Where The Wild Things are Going

Imagine waking up on a warm San Diego morning to the harsh squawks of tropical parrots rather than the gentle cheeps of bluebirds and finches. From gray whales found in the Atlantic to tropical microbes in Texas, a global reshuffling of ecosystems is occuring on Earth as climate change drives species across oceans and continents.

The most apparent movement of wildlife has taken place between the Atlantic and Pacific oceans via the Arctic. As Arctic ice melts, new passageways are being found connecting the Atlantic and Pacific Oceans and allowing species to move between them. For example, gray whales were thought to be extinct in the Atlantic since the 18th century. But this changed in 2010, when a gray whale was spotted off the coast of Israel [1]. Since this first sighting, more whales have been found near the Atlantic sparking worldwide curiosity and research. Using radiocarbon dating of gray whale bone fossils, researchers found that, much to their surprise, Atlantic and Pacific whales were not genetically separated by millions of years as previously accepted— over the past 100,000 years, a series of migrations occurred as Pacific whales found passageways to the Atlantic [4]. The timing of these migrations directly correlate to periods when the oceans were warming and the Arctic was melting. Both the melting of ice and the movement of species had a profound effect on the Pacific and Atlantic ecosystems. Birds previously avoided the Arctic because ice prevented them from diving for prey, but melting ice allowed them to still find food while traveling through the Arctic. Just like the effect of rising temperatures is drastically changing the Arctic, as temperatures change on a global scale the world’s ecosystems are being thrown into a muddle.

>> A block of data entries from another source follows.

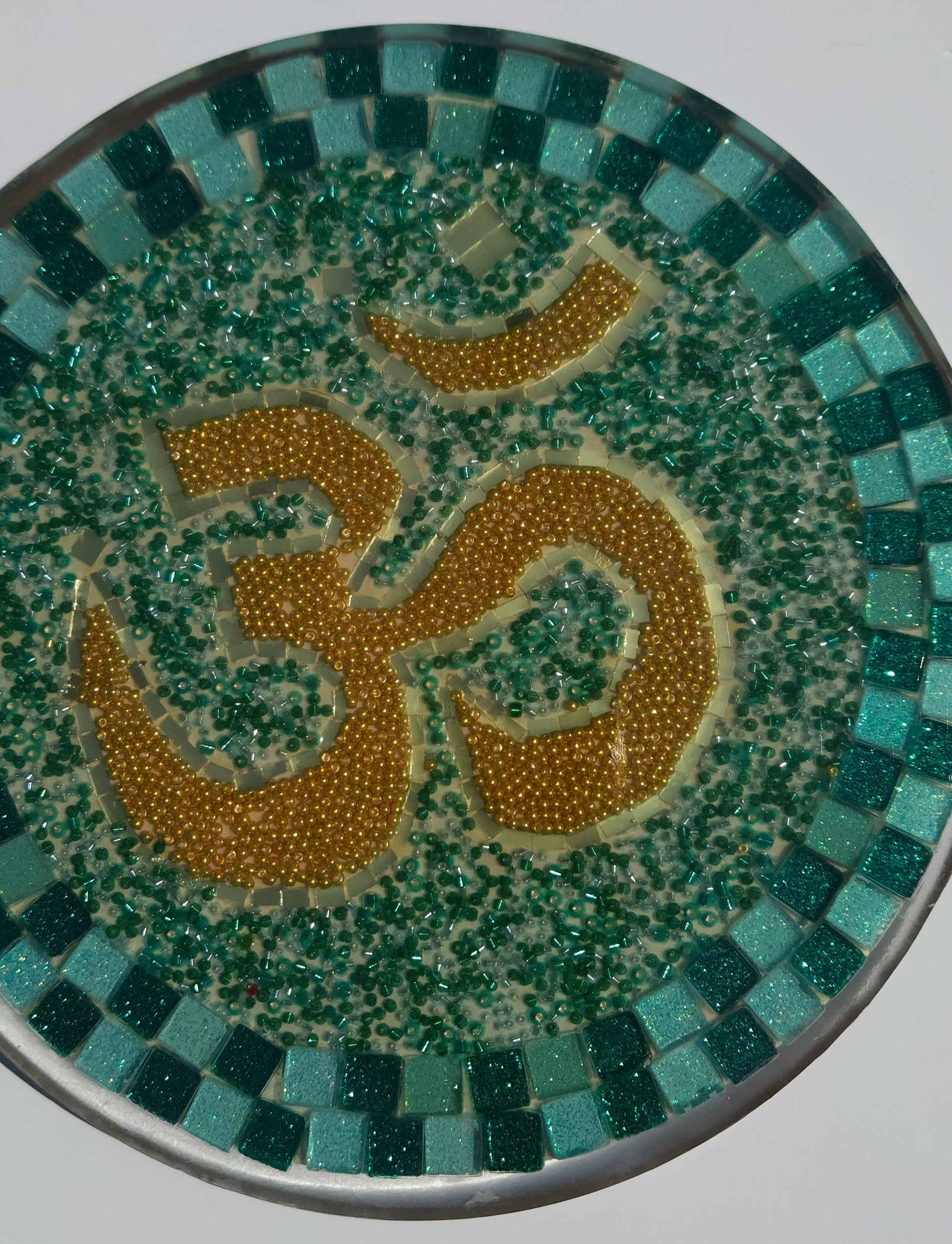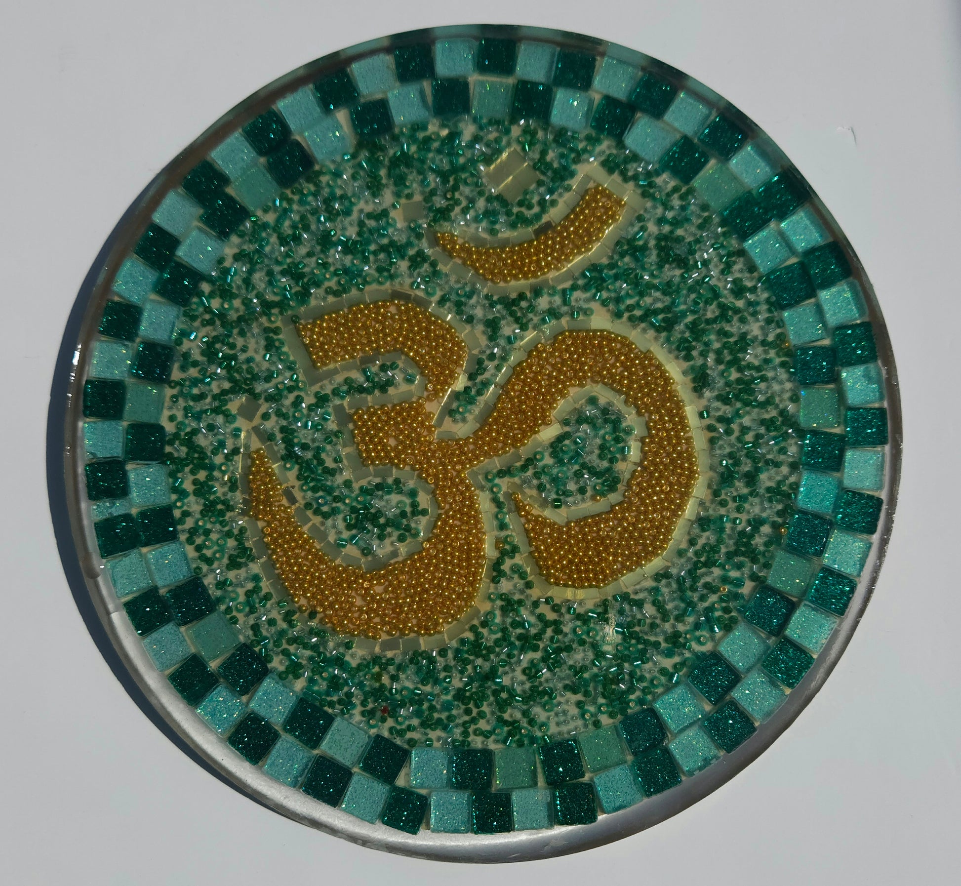 Channel divine energy and timeless beauty with this handcrafted Om mosaic disc. Designed with intricate detail, each piece is a vibrant blend of shimmering resin, delicate beads, and hand-laid mosaic tiles that radiate spiritual elegance. The sacred ॐ (Om) symbol—representing universal consciousness and inner peace—sits powerfully at the center, drawing in light, serenity, and positive energy.
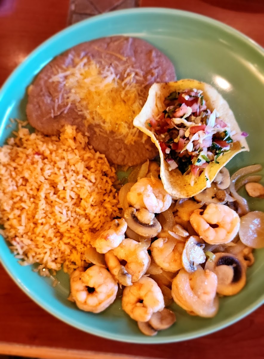 Easily could have been 5 stars, but the cooks didn't care to cook to order. The server was absolutely amazing. She was friendly, cordial, and always available. She was apologetic for the cooks as well. I have eaten here a few times, and the food is normally decent. There is nothing to rave about, but it is tasty while being fairly priced. I have failed to take pictures on previous visits, but I did this time. My Camarones Al Mojo De Ajo dish was disappointing. I asked for no onions and instead go lots of them, which were soggy. The dish advertised flavorful spices, but there was no evidence of them visually or in taste. It was surprisingly bland. This was unlike my previous visits, which included flavorful food. The rest of the meal was equally bland. The server is all that saved this review.
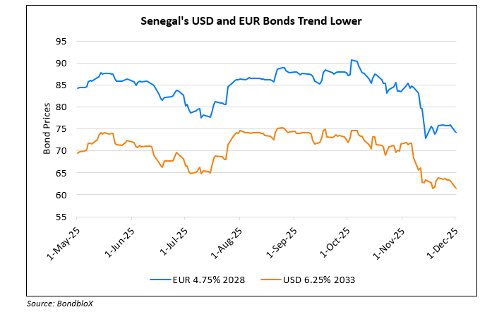 Senegal’s offshore bonds fell by ~1.5 points across the curve following comments from its Finance Minister Cheikh Diba. He said that Senegal does not fundamentally face an issue with long-term solvency, however, regarding liquidity, they would require financing assistance. He also added that talks with the IMF were progressing positively. The country’s financial stress began last year after the discovery of $7bn in hidden debt from the previous government, which led the IMF to suspend a prior $1.8bn funding package. Senegal is actively engaging with the IMF for a new facility, navigating disagreements on technical criteria and adjustment measures. The government is implementing strategies to replace “high-risk debts” with more favorable terms and is committed to fiscal discipline. Diba stated the goal is to reduce the fiscal deficit significantly from an estimated 13.4% of GDP at end-2024 to 5.3% by 2026, and further to the regional target of 3% by 2027. Importantly, the country recently ruled out talks of a debt restructuring, signaling an intent to honor its obligations to investors.
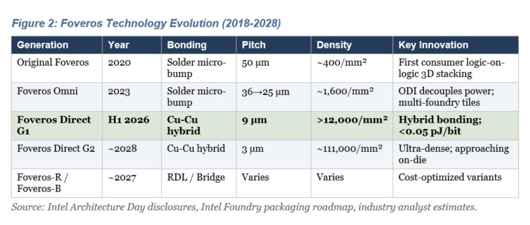 两种成本优化变体完善了产品组合:Foveros-R (更便宜的 RDL 中介层)和Foveros-B (RDL 加上局部硅桥),两者的目标都是在 2027 年左右投产。
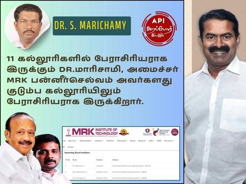 அண்ணா பல்கலைக்கழகத்தில் ஒரே பேராசிரியர் பல்வேறு கல்லூரிகளில் பணிபுரியும் ஊழலை அறப்போர் இயக்கம் அம்பலபடுத்தியிருந்தது. இதனை கண்டறிய குழு அமைக்கப்படும் என்று அறிவிப்பு செய்திருந்தாலும், இதுவரை எந்த நடவடிக்கையும் எடுக்கப்படவில்லை. இந்த நிலையில் நாம் தமிழர் சீமான், ‘’அறப்போர் இயக்கம் வெளிக்கொண்டுவந்துள்ள அண்ணா பல்கலைக்கழக போலி பேராசிரியர்கள் நியமன ஊழல் பெரும் அதிர்ச்சி அளிக்கிறது. தொடர்ச்சியாகப் பல ஆண்டுகளாக நடைபெற்றுள்ள ஊழல் குறித்து விரைந்து நடவடிக்கை எடுக்காமல், வழக்கம்போல குழு அமைத்து கிடப்பில்போட்டுள்ள திமுக அரசின் மெத்தனப்போக்கு […]

While migrations of mammals as large as the gray whale are the easiest to notice, microbial and pestilence movement is equally important and can pose a real threat to existing populations. As temperatures rise, microbes have been migrating to find new environments that better suit their needs. Diseases, such as malaria, have been spreading to higher elevations where the temperatures are no longer too cold. Tropical diseases, such as Leishmaniasis, are moving north, and cases have even been found in Texas [2]. This threatens human and animal populations alike. Further, agriculture in traditionally colder regions has been ravaged by pests that have spread to now warmer regions. Johnson grass is an invasive Mediterranean species that damages legumes, corn, sorghum, and soybean, and it has been ravaging crops as it spreads throughout the U.S. [2]. Coffee crops now face endangerment as pests have become increasingly prominent in coffee plantations in light of climate change. While these species seem too tiny to be seen as a real danger, they have the most direct effects on human populations.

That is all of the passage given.